───── Recorded information ─────
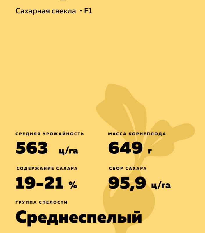 Beta vulgaris L. ssp. vulgaris var. saccharifera Alef.). Тип растения: урожайно-сахаристый-среднеспелый. Односемянный диплоидный гибрид на стерильной основе N типа.
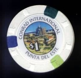 | 69. | Conrad International Punta Del Este Uruguay, 1.00 White chip, green/dk green/dk blue inserts, map of Uruguay
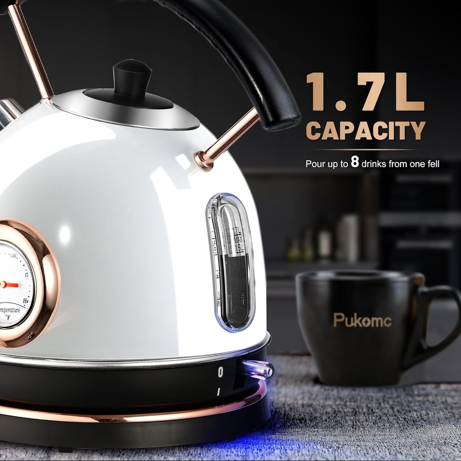 Pukomc Retro Electric Kettle Stainless Steel 1.7L Tea Kettle, Hot Water Boiler with Temperature Gauge, Led Light, Fast Boiling, Auto Shut-Off&Boil-Dry Protection (White)
─────
▶ _Required action_
Exact repetition of the data is needed, with no images retained.

▶ _Answer box_
 Beta vulgaris L. ssp. vulgaris var. saccharifera Alef.). Тип растения: урожайно-сахаристый-среднеспелый. Односемянный диплоидный гибрид на стерильной основе N типа.
 | 69. | Conrad International Punta Del Este Uruguay, 1.00 White chip, green/dk green/dk blue inserts, map of Uruguay
 Pukomc Retro Electric Kettle Stainless Steel 1.7L Tea Kettle, Hot Water Boiler with Temperature Gauge, Led Light, Fast Boiling, Auto Shut-Off&Boil-Dry Protection (White)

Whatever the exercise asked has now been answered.